There are three parts, which is suggested by the name:

• Naive - the assumption (keyword alert!) that the classifier made to enable Bayes Theorem integration.
• Bayes - as in Bayes Theorem, a method of using prior knowledge to predict posterior probabilities.
• Classifier - an algorithm that organize data into appropriate categories depending on their “features”.

Bayes Theorem

To understand Bayes Theorem (briefly), you need to first understand conditional probability, and how it behaves if events are independent.

$P(A \vert B)P(B) = P(A \cap B) = P(B \cap A) = P(B \vert A)P(A)$

Rearranging and we got Bayes Theorem!

$P(A \vert B) = \frac{P(B \vert A)P(A)}{P(B)}$

But I replace A, B with H, E for Hypothesis and Evidence

$P(H \vert E) = \frac{P(E \vert H)P(H)}{P(E)}$

where

• $$P(H \vert E)$$ is the posterior, the probability of hypothesis H given evidence E
• $$P(E \vert H)$$ is the likelihood, the probability of evidence E given hypothesis H
• $$P(H)$$ is the prior, the probability of hypothesis H
• $$P(E)$$ is the probability of evidence E (also known as marginal probability, which $$P(H)$$ is as well)

The extended case allows us to incorporate multiple evidence, hence the scalability.

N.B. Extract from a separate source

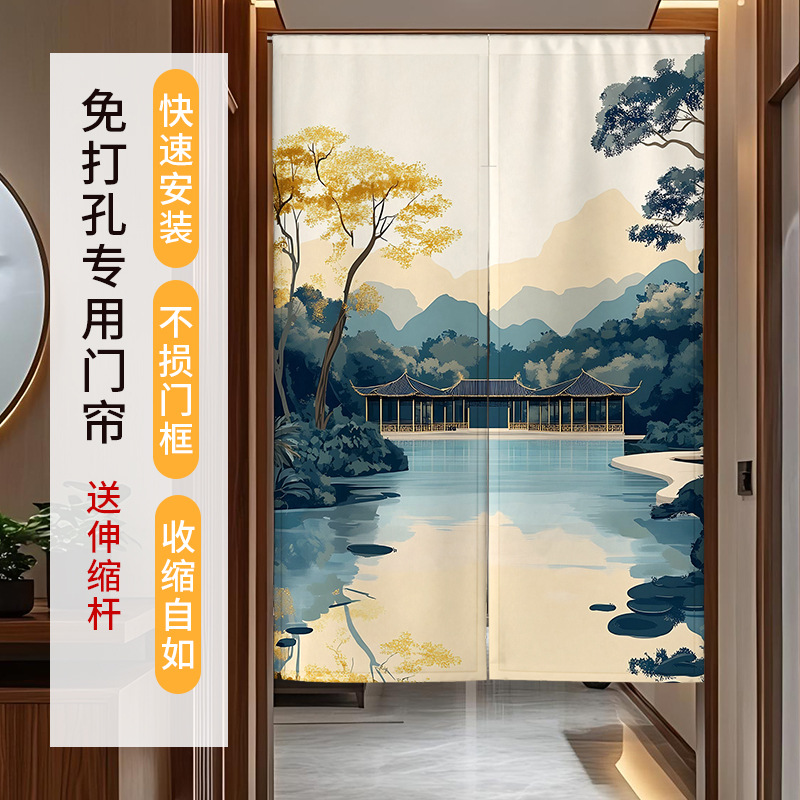 2025新型ins布芸のれんはカーテンを遮断して穴を開けない家庭用寝室の台所でカーテンを隠してトイレをカスタマイズする
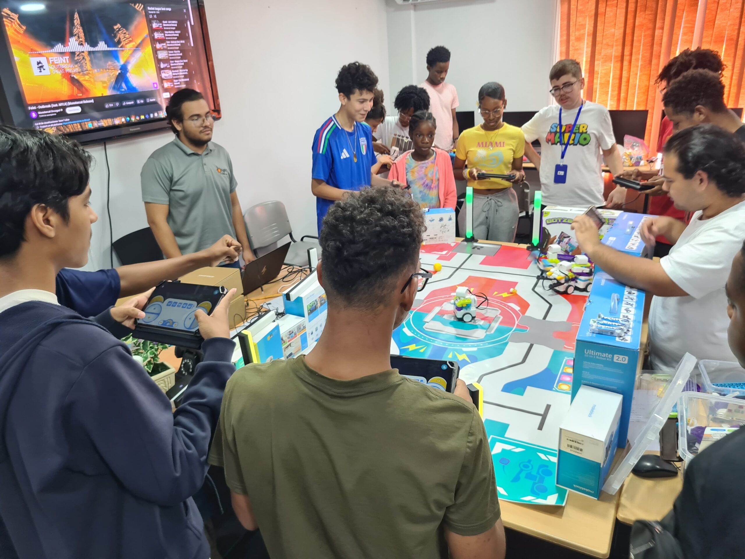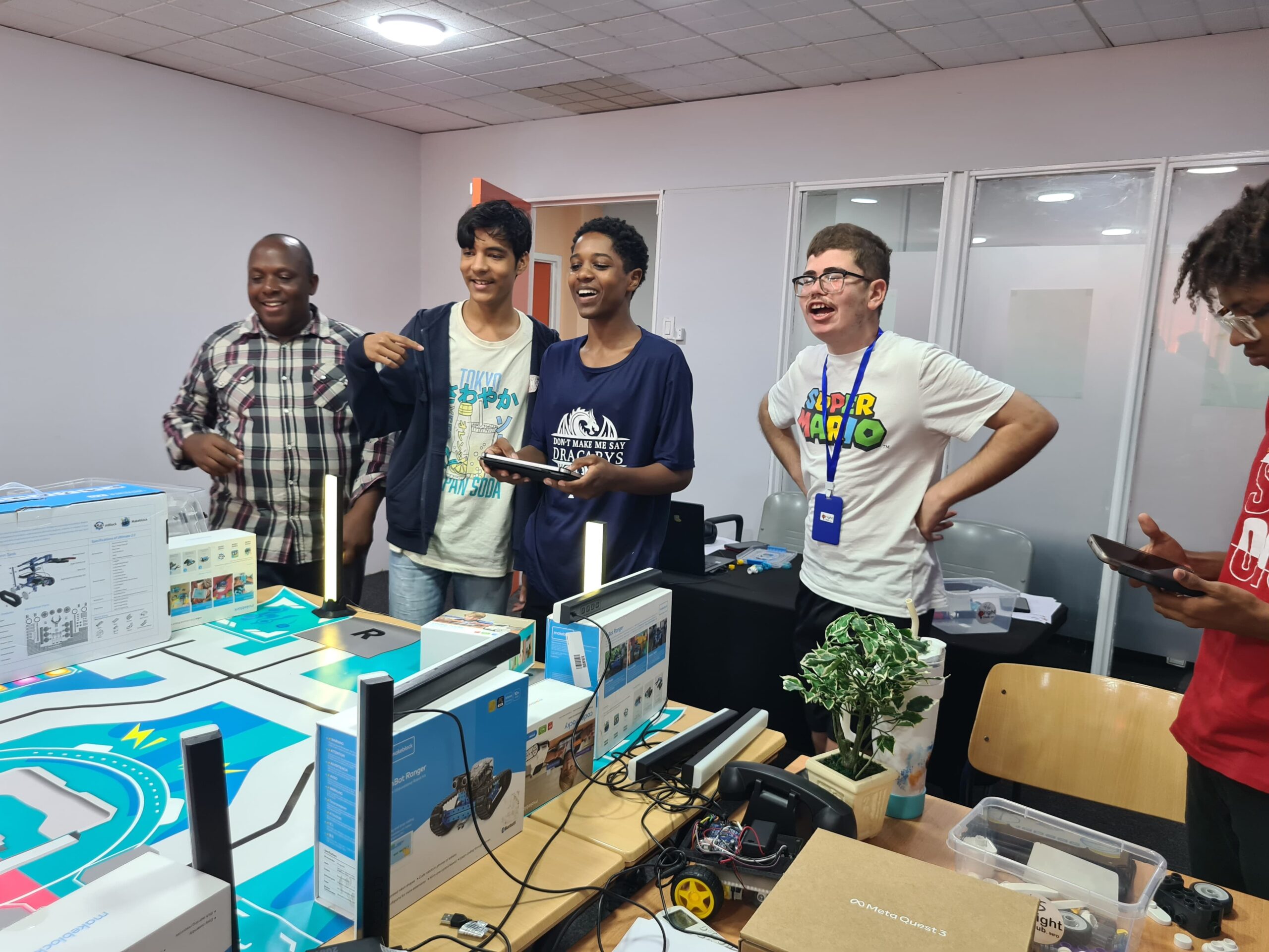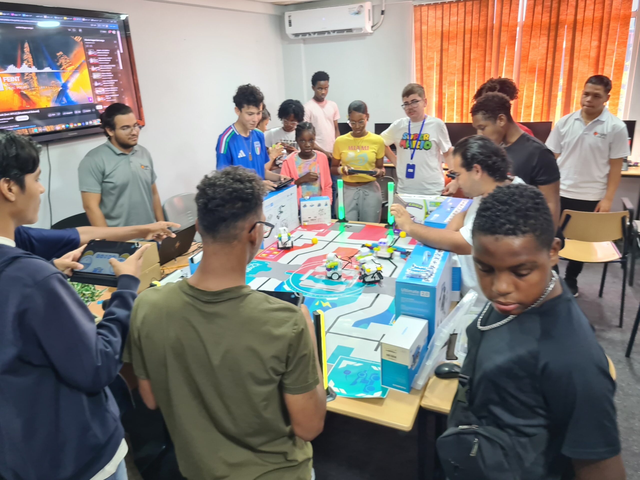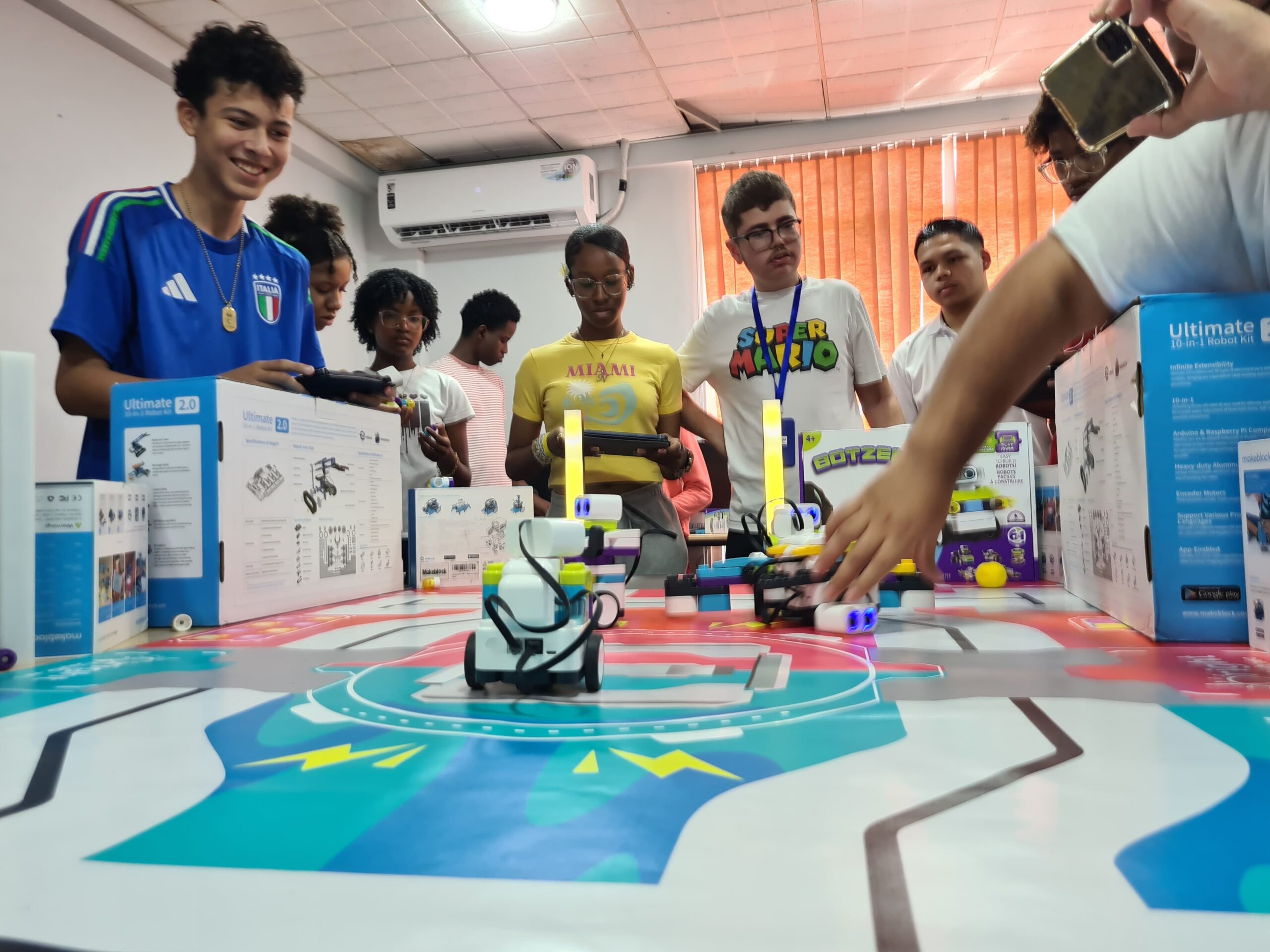 Ondertussen verdiepten de oudere kinderen zich in coding. Na het leren van programmeervaardigheden, namen ze deel aan een quiz om hun kennis te testen. Tot slot hielden ze een spannende voetbalwedstrijd met de Botzees. Een ander groepje demonteerde en monteerde de mBot en werkte ook aan coding-projecten.

$P(H \vert E_1, E_2, \dots, E_n) = \frac{P(E_1, E_2, \dots, E_n \vert H)P(H)}{P(E_1, E_2, \dots, E_n)}$

We can get the prior, but how do we get the probability of multiple evidence appearing (or being true) at the same time?

Naive Assumption

The assumption is that all evidence are conditionally independent, which greatly simplifies the calculation for our joint evidence. It is naive simply because this assumption may or may not be true, but we just take it to be true. Mathematically it does this

$P(E_1, E_2, \dots, E_n \vert H) = P(E_1 \vert H)P(E_2 \vert H) \dots P(E_n \vert H)$

Which, substituted into the numerator, give us

$P(H \vert E_1, E_2, \dots, E_n) = \frac{P(E_1 \vert H)P(E_2 \vert H) \dots P(E_n \vert H)P(H)}{P(E_1, E_2, \dots, E_n)}$

But that doesn’t solves the denominator does it. Well, we also have a way around it too. But we’ll come to this later.

Putting It All Together

Let’s do it on our actual movie review classification task. Given review R, classify into label $$\in [0, 1]$$ for negative and positive review, respecitively. For the math, $$(+)$$ for positive and $$(-)$$ for negative for readability. We’ll call this S (short for sentiment)

Review R: “this movie sucks! hate it!” (we’ll be ignoring unnecessary stuff like punctuations, etc. more on this later)

Probabilities:

$P(\, + \vert \, \text{this movie sucks hate it}) = \frac{P(\text{this}\vert +)P(\text{movie}\vert +)P(\text{sucks}\vert +)P(\text{hate}\vert +)P(\text{it}\vert +)P(+)}{P(\text{this movie sucks hate it})}$ $P(\, - \vert \, \text{this movie sucks hate it}) = \frac{P(\text{this}\vert -)P(\text{movie}\vert -)P(\text{sucks}\vert -)P(\text{hate}\vert -)P(\text{it}\vert -)P(-)}{P(\text{this movie sucks hate it})}$

Notice that the denominator is the same, so, mathematically speaking, we just care about the larger numerator here. Hence, Bayes application in our case will just be simplified to

$S = \underset{S \in [+, -]}{\text{argmax}} \, P(S) \prod_{i \in sentence} P(\mathcal{w}_i \vert S)$

But Wait, What About The Zero?

Q: What zero?

A: The zero when a word didn’t appear in the reviews.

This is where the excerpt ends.